Next, to check if there is no round trip between the given airports, or a cycle between them, we use the below mentioned test case. The airports are from 3 different continents, with no round trip existing between them. Upon running DFS, we get false, which is what we expect.

    TEST_CASE("DFS round trip does not exist between three airports") {
    populate();
    DFS dfs(graph, vertices, dv);
    vector<string> vect = {"1993", "3043", "2001"};

    bool det = dfs.detect_cycle(vect);
    REQUIRE(det == false);
    }

In order to check if DFS works on bigger test cases, we used a set of ten airports and see if it yeilds our desired output. As expected, the output works correctly, passing all DFS test cases, showing that there is a round trip

    TEST_CASE("DFS round trip 10 airports") {
        populate();
        DFS dfs(graph, vertices, dv);
        vector<string> vect = {"2997", "3043", "3093", "3131", "3144", "2994", "1", "2", "3"};
        bool det = dfs.detect_cycle(vect);
        REQUIRE(det == true);
    }

Dijkstra

We employ the Dijkstra algorithm to determine the minimum distance between two airports.

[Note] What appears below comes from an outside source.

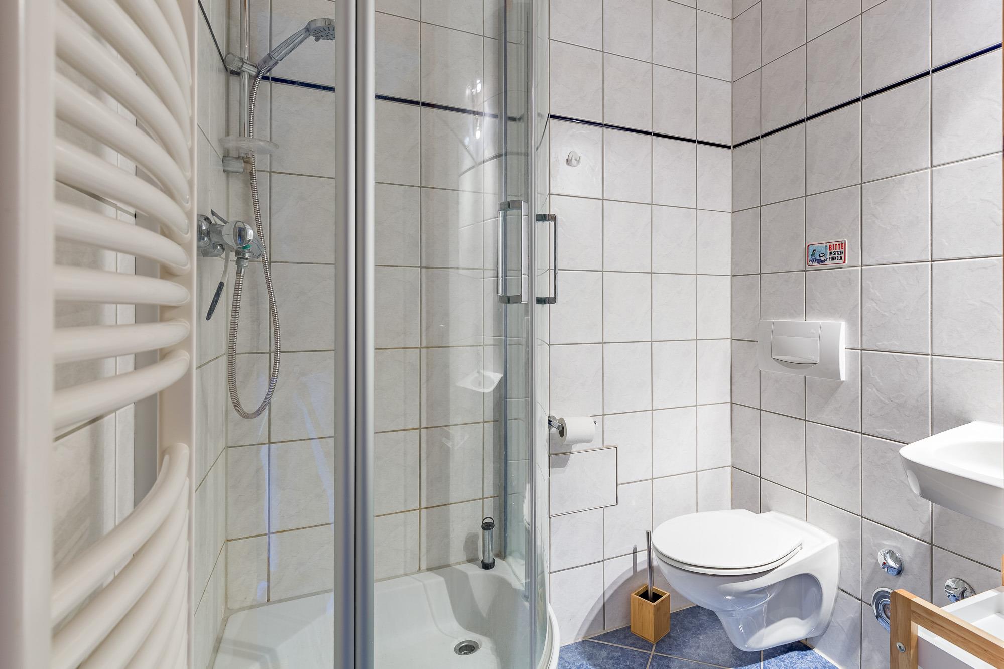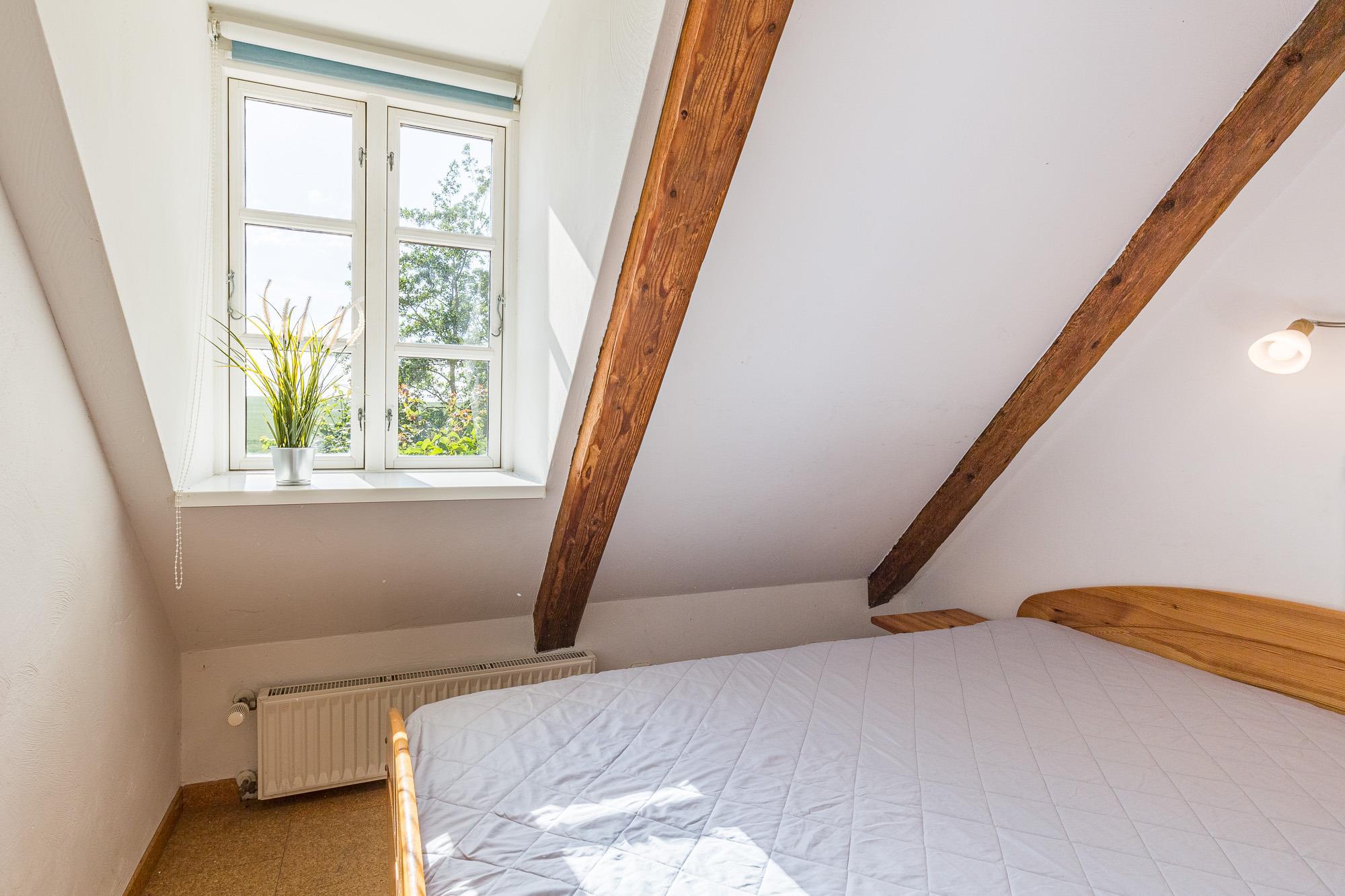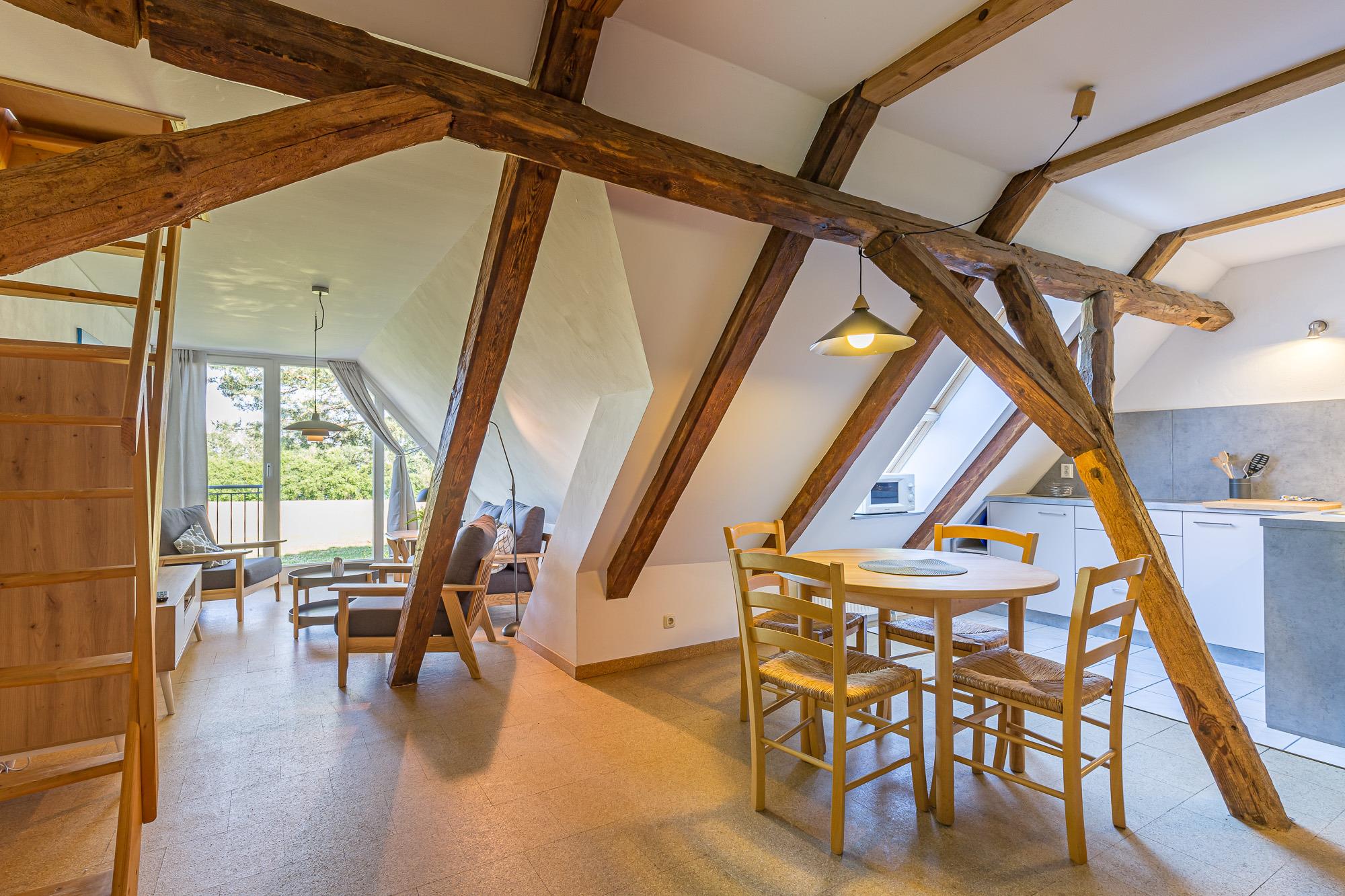 Die Wohnung 4 befindet sich im 1. Obergeschoss und ist mit seinen 52 m² Wohnfläche für maximal 3 Personen zugelassen. Ein Schlafzimmer mit Doppelbett und ein Spitzboden mit weiteren zwei Schlafmöglichkeiten und Seeblick ist über eine Leitertreppe erreichbar. Eine zum Wohnbereich offene Küche ist komplett mit E-Herd (ohne Backofen), Kühlschrank, Toaster und Mikrowelle mit Grillfunktion ausgestattet. Der Wohnbereich liegt im Bereich des Ostgiebels, von dem aus ein wunderschöner Blick auf die Ostsee zu genießen ist. Ein Radio und ein Satellitenfernsehgerät stehen zur Verfügung.

We first verified the correctness of Dijkstra using small, artificial test cases, such as those shown below. We constructed our variant of an adjacency matrix (a 0 entry indicates the lack of an edge between two airports, while a non-zero entry indicates the distance between two airports) for each of these test cases. We arbitrarily assigned each node IDs, and we created a special makeGraph constructor to enable these test cases. Since these graphs are relatively small, it was feasible to test that the minimum distance from every node to every other node was what we expected:

Graph (source: freeCodeCamp) Corresponding test case
Graph (source: Wikimedia Commons) Corresponding test case

We then tested our algorithm on the graph itself. Determining the minimum distance between two airports was challenging, given that there were often several possible routes between two airports which did not have a direct flight between them. We identified four possible scenarios:

  1. The user wants to determine the minimum distance between an Airport A and Airport A (itself). We tested this scenario by verifying that Dijkstra outputted 0 when the user inputted the airport ID corresponding to JFK as both the source and destination ID.
REQUIRE(dijkstra.minDist(3797, 3797) == 0);
  1. The user wants to determine the minimum distance between an Airport A and an Airport B, where there is a direct flight between Airport A and Airport B. We tested this scenario by verifying that the Dijkstra outputted the orthodromic distance between JFK and EZE when the user inputted the airport ID corresponding to JFK as the source airport and the airport ID corresponding to EZE as the destination airport.
REQUIRE(dijkstra.minDist(3797, 3988) == mkg.routeDistance(mkg.getAirportIndex(3797), mkg.getAirportIndex(3988)));
  1. The user wants to determine the minimum distance between Airport A and Airport B. There is no direct flight between Airport A and Airport B, but Airport B is somehow reachable from Airport A (i.e. Airport B is reachable from Airport A with some number of stopovers). We tested this scenario by verifying that Dijkstra outputted the sum of the orthodromic distance between JFK and DEL and the orthodromic distance between DEL and CCU when the user inputted the airport ID corresponding to JFK as the source airport and the airport ID corresponding to CCU as the destination airport.
double JFKtoDEL = mkg.routeDistance(mkg.getAirportIndex(3797), mkg.getAirportIndex(3093));
double DELtoCCU = mkg.routeDistance(mkg.getAirportIndex(3093), mkg.getAirportIndex(3043));
double JFKtoCCU = JFKtoDEL + DELtoCCU;
REQUIRE(JFKtoCCU == dijkstra.minDist(3797, 3043));
  1. The user wants to determine the minimum distance between Airport A and Airport B, where Airport B is not reachable from Airport A. We tested this scenario by verifying that Dijkstra outputted the maximum double value when the user inputted the airport ID corresponding to GEA as the source airport and the airport ID corresponding to CCU as the destination airport.
REQUIRE(dijkstra.minDist(2001, 3043) == std::numeric_limits<double>::max());

IDDFS

We use IDDFS to determine whether it was possible to reach from one airport to another within the number of flights defined by the user. The user inputs the destination airport OpenFlights ID, the source airport OpenFlights ID, and the number of flights they want to take to reach their destination. We implement IDDFS by running a loop until the depth/number of flights and check each neighbor until the source node is found/not found.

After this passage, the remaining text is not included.